Les lumières s'éteignent à nouveau et voilà que débarquent
King Krule et ses trois musiciens (basse/boîte à rythmes/samples, guitare et batterie). Tous les quatre sont vêtus de costumes plus ou moins bien taillés. Tandis que le frontman a choisi le tweed, ses comparses font dans le sobre et arborent costumes noirs et chemises blanches. Les souffles se font courts tandis que retentit
Has This Hit, extraite de son premier album. La voix d'Archy Marshall aurait pu décevoir, mais il n'en est rien. Tantôt éraillée, tantôt douce, tantôt sombre, tantôt dansante, le charme opère dès les premières notes.
Le Trabendo frissonne alors que le groupe enchaîne sur
The Ceiling. Sur un
Bleak Blake, tiré de son premier EP, au tempo accéléré, l'anglais empoigne son microphone et détache les syllabes consciencieusement, rappelant ainsi au monde sa passion du rap. Il répètera ce geste plusieurs fois, notamment sur
The Krocadile, où sa voix se fait plus que jamais reflet d'une rage adolescente d'actualité.
Après un
Baby Blue de sept minutes vient le moment de
Rock Bottom. King Krule touche cette fois au sublime. Le base rythmique et les guitares s'entremêlent douloureusement tandis que surnage une voix puissante et écorchée. La chanson se termine et laisse derrière elle un public hébété. Quelques secondes se passent avant que chacun retrouve l'usage de ses membres et réussisse enfin à applaudir. Et voilà le batteur (oui, le batteur, King Krule n'étant apparemment pas d'humeur à échanger des banalités avec le public) qui annonce le premier single de l'album
Easy Easy. Là encore, c'est un sans-faute. Puis
Out Getting Ribs est annoncée comme la dernière chanson du concert. Le temps pour Archy Marshall de désaccorder sa Telecaster blanche et le voilà qui lance les premières notes de la chanson autrefois enregistrée sous le patronyme de Zoo Kid, et remise au gout du jour pour son album. Là encore, le style incomparable du chanteur fait mouche. Infiniment touchant, il nous fait comprendre que la musique est pour lui un exutoire.

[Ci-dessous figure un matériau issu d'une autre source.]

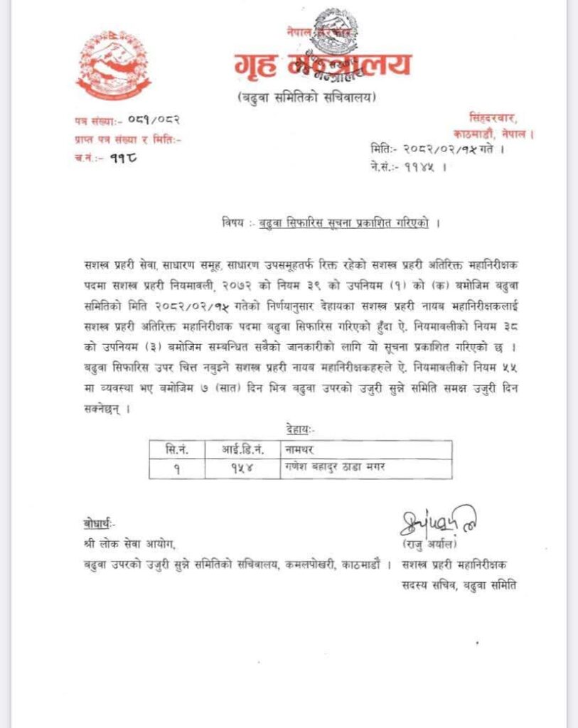 सशस्त्र प्रहरी बल, नेपालका (डीआईजी) गणेश बहादुर ठाडा मगर एआईजीमा बढुवा सिफारिस भएका छन् । हिजो,बिहीबार गृह मन्त्रालयका सचिव गोकर्णमणी दुवाडीको नेतृत्वमा बसेको बढुवा समितिले उनलाई एआईजीमा बढुवा सिफारिस गरेको हो ।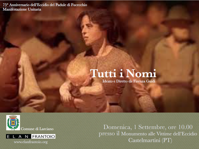 Un'opportunità per l’organizzazione dell’evento Tutti i Nomi con la regista Firenza Guidi, in occasione della commemorazione del 75° anno dell'eccidio del Padule di Fucecchio. L'evento si terrà al monumento di Castelmartini domenica 1 settembre, tra le 9 e le 10.30. Per l'evento la regista punta a ricreare la presenza civica di 174 persone di tutte le età. Per partecipare basta inviare una mail a info@elanfrantoio.org oppure un messaggio a 3394129663 indicando "Partecipazione a Tutti i Nomi”. La parte di spettacolo che coinvolge le comparse durerà circa 20 minuti. Le prove verranno effettuate il 31 agosto.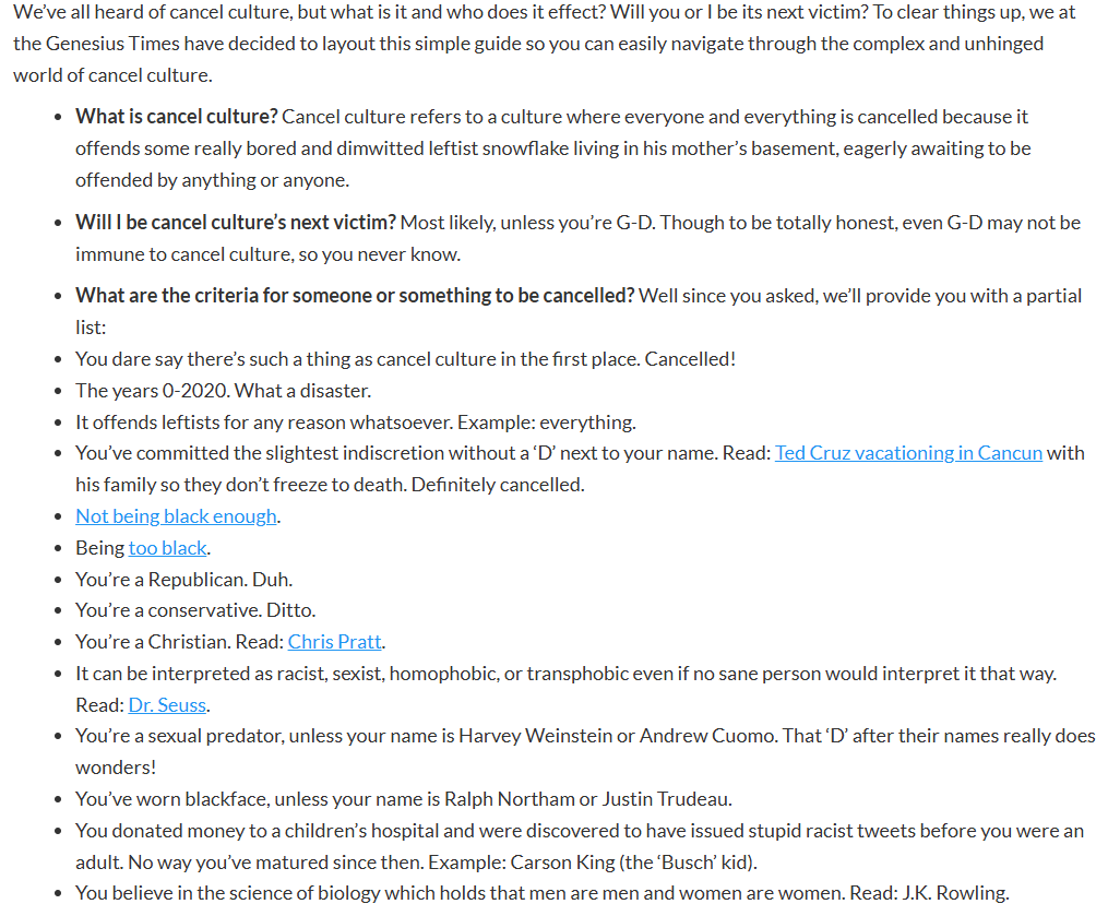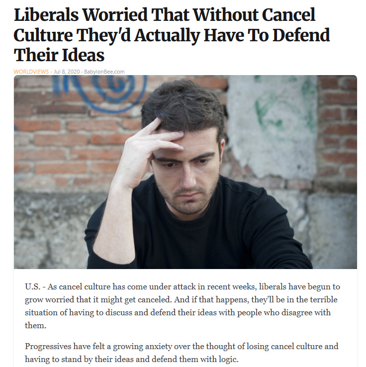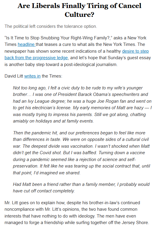 Wall Street Journal’s Best of the Web column recently asked if liberals are tired of their cancel culture or rather noted that their mouthpiece and brain, the New York Times, might be trying to steer them away from what is increasingly becoming a losing issue for them:

Les pieds martèlent le parquet de la salle, les mâchoires se crispent, les yeux s'embrument. Puis d'un silence respectueux surgit la clameur d'un public sous le choc. King Krule revient donc pour un unique rappel et joue un inédit intitulé
Balloon, toujours dans la même veine que ses chansons précédentes.
Nous sortons donc du Trabendo avec l'impression d'avoir vécu un moment privilégié. Nul doute que chaque spectateur a ce soir-là vu l'éclosion d'une future idole, dont l'avènement prochain ne fait aucun doute.